Your talent to explain complex matters in a clear and direct manner is simply unmatched. Thank you for making these lectures.
Very good lecture Sir. Thanks 👍
This is an awesome video. A nice follow up would be to take the left, right, and midpoint equations for number of digits, and then display some charts to show how accurate or how inaccurate each of the 3 equations are. As you were clear about, these are all approximations and not exact values. However, one of the other posts which gives a few values shows that you came up with some very nice approximations to the actual values.
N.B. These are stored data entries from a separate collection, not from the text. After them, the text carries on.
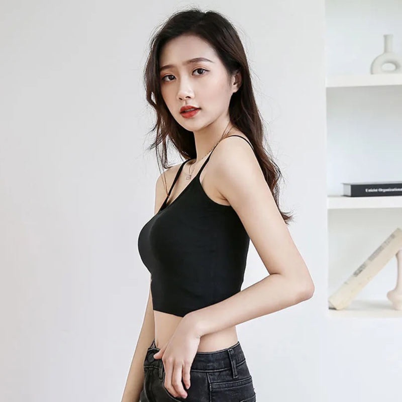 เสื้อซับใน ครอป สายเดี่ยว แบบครึ่งตัว ผ้าคอตตอล เนื้อบางเบา แนววินเทจ
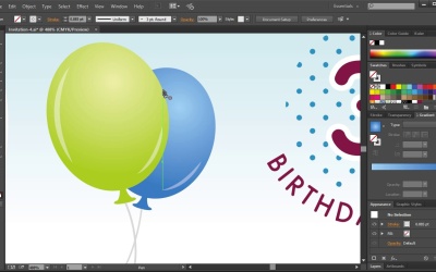 In order to reinforce relevance, we will design some custom party graphics using the Pen Tool. We will design balloons, bubbles, and other party frills.
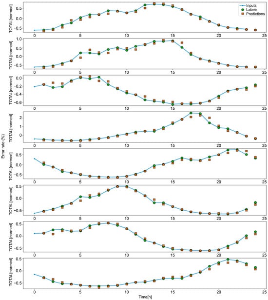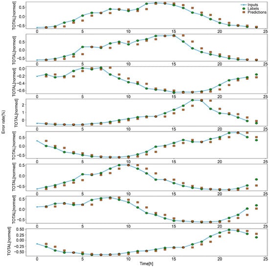 The LSTM model was utilized to evaluate the predictive power of the proposed LSTM model, which incorporates a power function. The predictive accuracy of the LSTM model varies based on the time point, as shown in Figure 6. Owing to the structural limitations of the algorithm, a linear transformation layer is incorporated between the input values (inputs) and the predicted outputs (predictions). This architecture lacks densely nonlinear hidden layers between the input and output layers, which, while enhancing the computational speed, considerably diminishes the predictive performance.
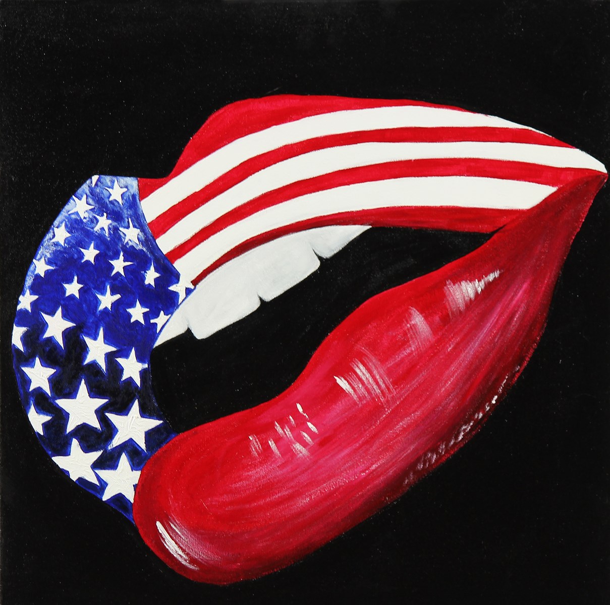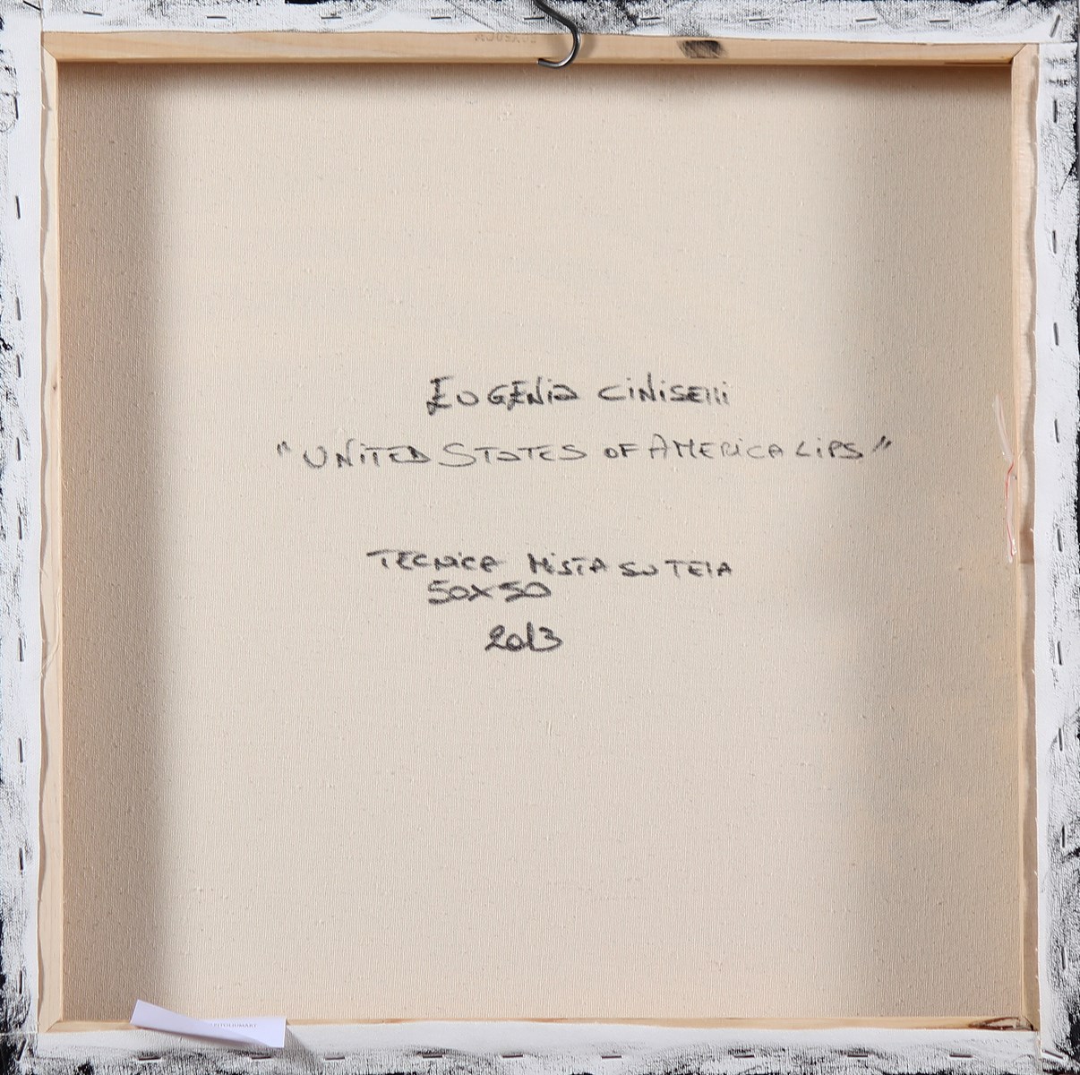 CINISELLI EUGENIA (n. 1971) United States of America Lips. 2013. Tecnica mista su tela. Cm 50,00 x 50,00 x 4,00. Al retro firma, titolo e data.

I found this to be a very impressive demonstration of using Riemann Sums in a way that I would not have come up with on my own.
But following the logic in the video, in order to "stick in the middle" we have to shift *both* limits of integration by one half, not just the upper one, so the final formula would be
log₁₀(n!) ≈ [x·(ln(x)−1)/ln(10)] at [x₀; x₁] = [1.5; n+0.5]
= [(n+0.5)·(ln(n+0.5)−1) − 1.5·(ln(1.5)−1)]/ln(10)
≈ [(n+0.5)·(ln(n+0.5)−1) + 0.8918]/ln(10)
so the number of decimal digits of n! is
log₁₀(n!) ≅ ⌊((n+0.5)·(ln(n+0.5)−1) + 0.8918)/ln(10)⌋ + 1
This minor change significantly decreases the number of errors (by roughly 2.5 to 3 times), but nevertheless errors still occur (at a rate of about 1.3%, that is ≈13 cases out of every 1000), but that's probably the best we can do with this approach.
Amazing. May I ask? As u mentioned 5 doesn't work. Why?
I believe it is just to do with that the fact that the integral of the Riemann summation is an approximation. I’m guessing that because 5! is one of the first numbers to add another digit (120) and it only passes 100 by 20 it probably failed due to this. Lmk if anyone else has thoughts on this I may be wrong.
Neither the original nor the "shifted by one half" formula works for all natural numbers. For example, 96! has 150 decimal digits, but the shifted formula yields 151. And there are as much as 37 such whole numbers among the first one thousand. So it's rather a miracle that it did work for 1000!
963/1000 doesn’t sound very miraculous but what do I know
@@justrandomthings8158 We missed the nearest "wrong" number by 41, so we aimed well.
Does anyone know why he chose to shift by 1/2? I didn’t understand that since the integral is an infinite amount of rectangles. Was it just so 1000 would work
The ceil of log10 doesn't work to get the amount of digits of numbers like 10^n; for example ceil(log10(1000)) gives 3 digits which is wrong
So I think it should be 1+floor(log10(n))
You're correct. I was blind sided by the fact that no factorial is 10^n.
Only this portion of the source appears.